→ **WHAT NEEDS TO BE DONE**
Output every line below exactly, please, omitting pictures.

→ **DATA FOR ANALYSIS**
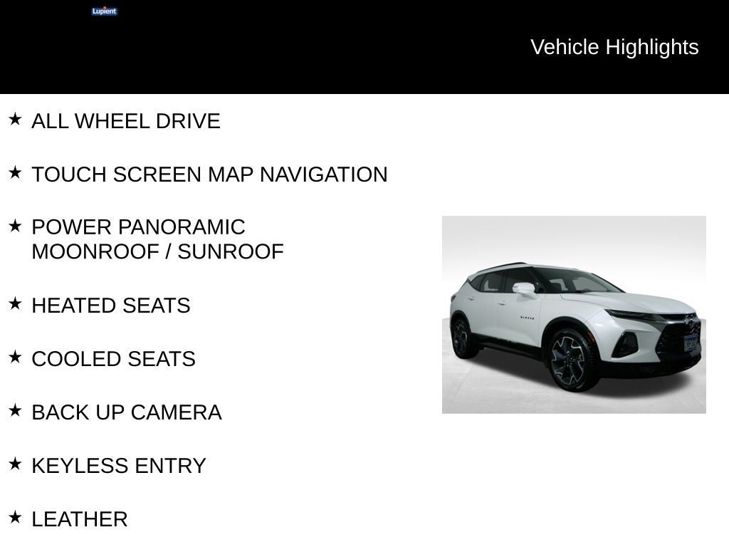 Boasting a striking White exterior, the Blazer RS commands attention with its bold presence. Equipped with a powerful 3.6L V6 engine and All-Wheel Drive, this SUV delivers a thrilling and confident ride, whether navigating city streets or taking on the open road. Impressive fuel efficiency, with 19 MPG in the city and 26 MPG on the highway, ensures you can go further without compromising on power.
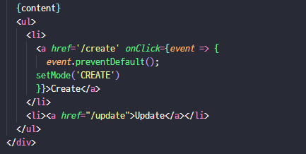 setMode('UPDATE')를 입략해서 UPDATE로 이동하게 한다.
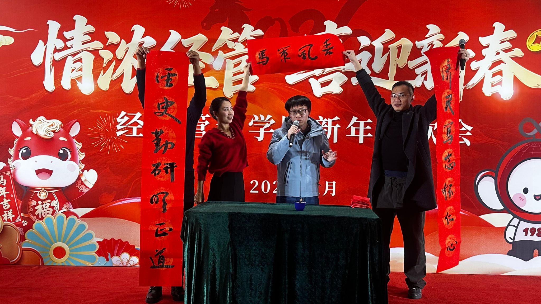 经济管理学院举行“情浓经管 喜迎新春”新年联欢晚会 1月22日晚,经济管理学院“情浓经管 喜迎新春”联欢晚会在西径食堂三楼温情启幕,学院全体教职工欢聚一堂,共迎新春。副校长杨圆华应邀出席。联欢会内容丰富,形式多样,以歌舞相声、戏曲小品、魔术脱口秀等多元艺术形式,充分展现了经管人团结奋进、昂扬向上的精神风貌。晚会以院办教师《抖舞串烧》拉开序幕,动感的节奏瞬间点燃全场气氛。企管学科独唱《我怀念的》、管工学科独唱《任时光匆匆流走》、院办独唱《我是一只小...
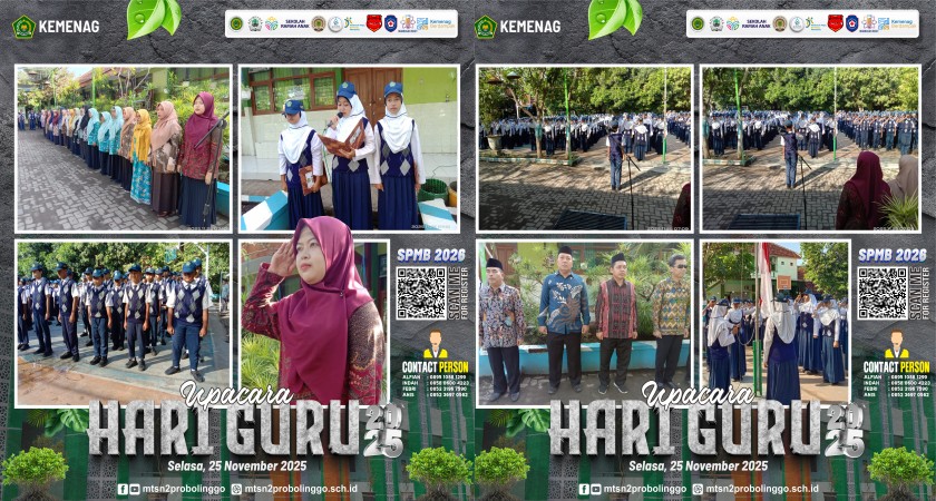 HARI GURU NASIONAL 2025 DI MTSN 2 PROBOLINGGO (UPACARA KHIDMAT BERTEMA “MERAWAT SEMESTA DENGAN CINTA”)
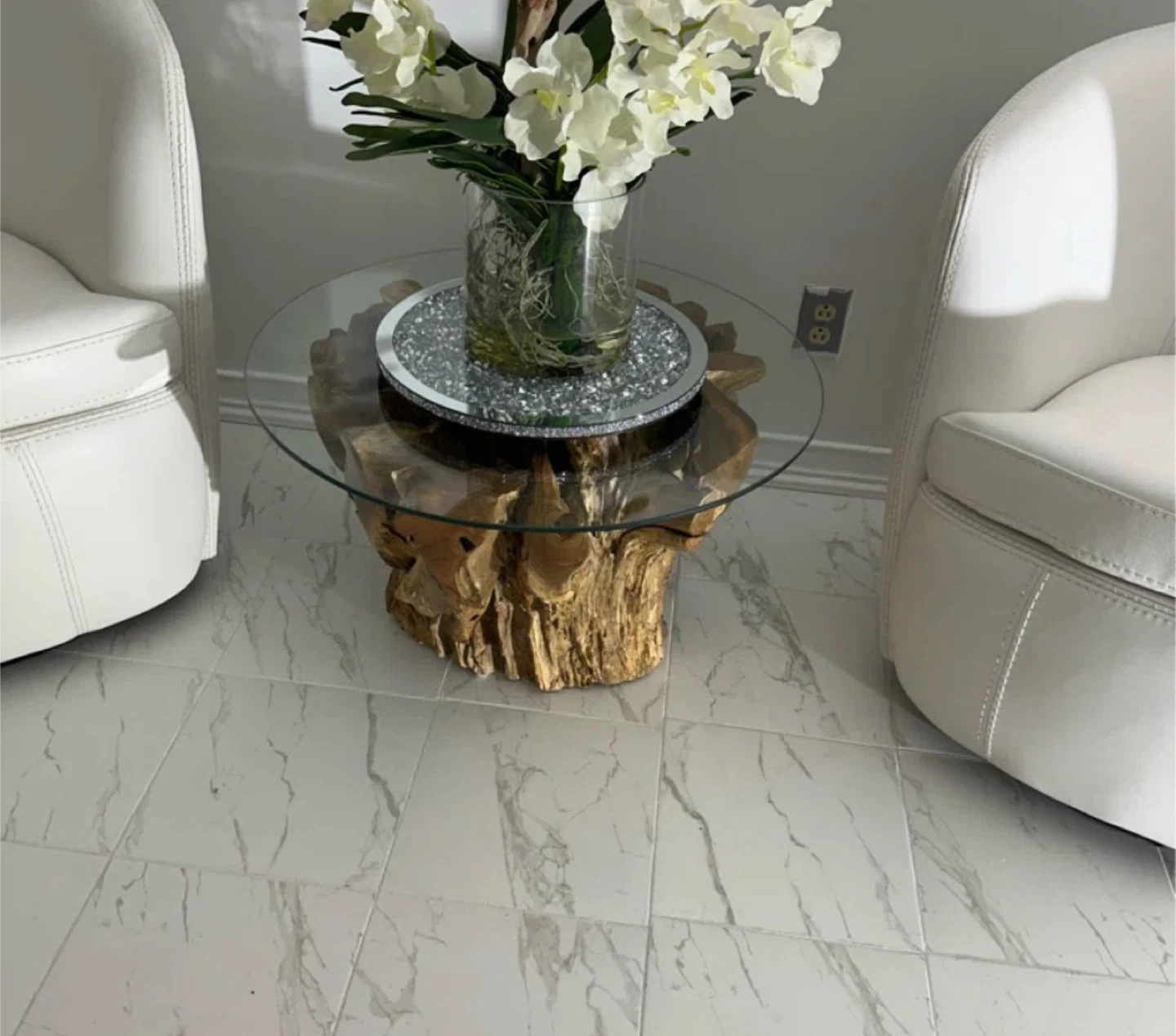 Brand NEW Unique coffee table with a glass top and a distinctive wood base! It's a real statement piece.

→ **TASK OUTPUT**
 Boasting a striking White exterior, the Blazer RS commands attention with its bold presence. Equipped with a powerful 3.6L V6 engine and All-Wheel Drive, this SUV delivers a thrilling and confident ride, whether navigating city streets or taking on the open road. Impressive fuel efficiency, with 19 MPG in the city and 26 MPG on the highway, ensures you can go further without compromising on power.
 setMode('UPDATE')를 입략해서 UPDATE로 이동하게 한다.
 经济管理学院举行“情浓经管 喜迎新春”新年联欢晚会 1月22日晚,经济管理学院“情浓经管 喜迎新春”联欢晚会在西径食堂三楼温情启幕,学院全体教职工欢聚一堂,共迎新春。副校长杨圆华应邀出席。联欢会内容丰富,形式多样,以歌舞相声、戏曲小品、魔术脱口秀等多元艺术形式,充分展现了经管人团结奋进、昂扬向上的精神风貌。晚会以院办教师《抖舞串烧》拉开序幕,动感的节奏瞬间点燃全场气氛。企管学科独唱《我怀念的》、管工学科独唱《任时光匆匆流走》、院办独唱《我是一只小...
 HARI GURU NASIONAL 2025 DI MTSN 2 PROBOLINGGO (UPACARA KHIDMAT BERTEMA “MERAWAT SEMESTA DENGAN CINTA”)
 Brand NEW Unique coffee table with a glass top and a distinctive wood base! It's a real statement piece.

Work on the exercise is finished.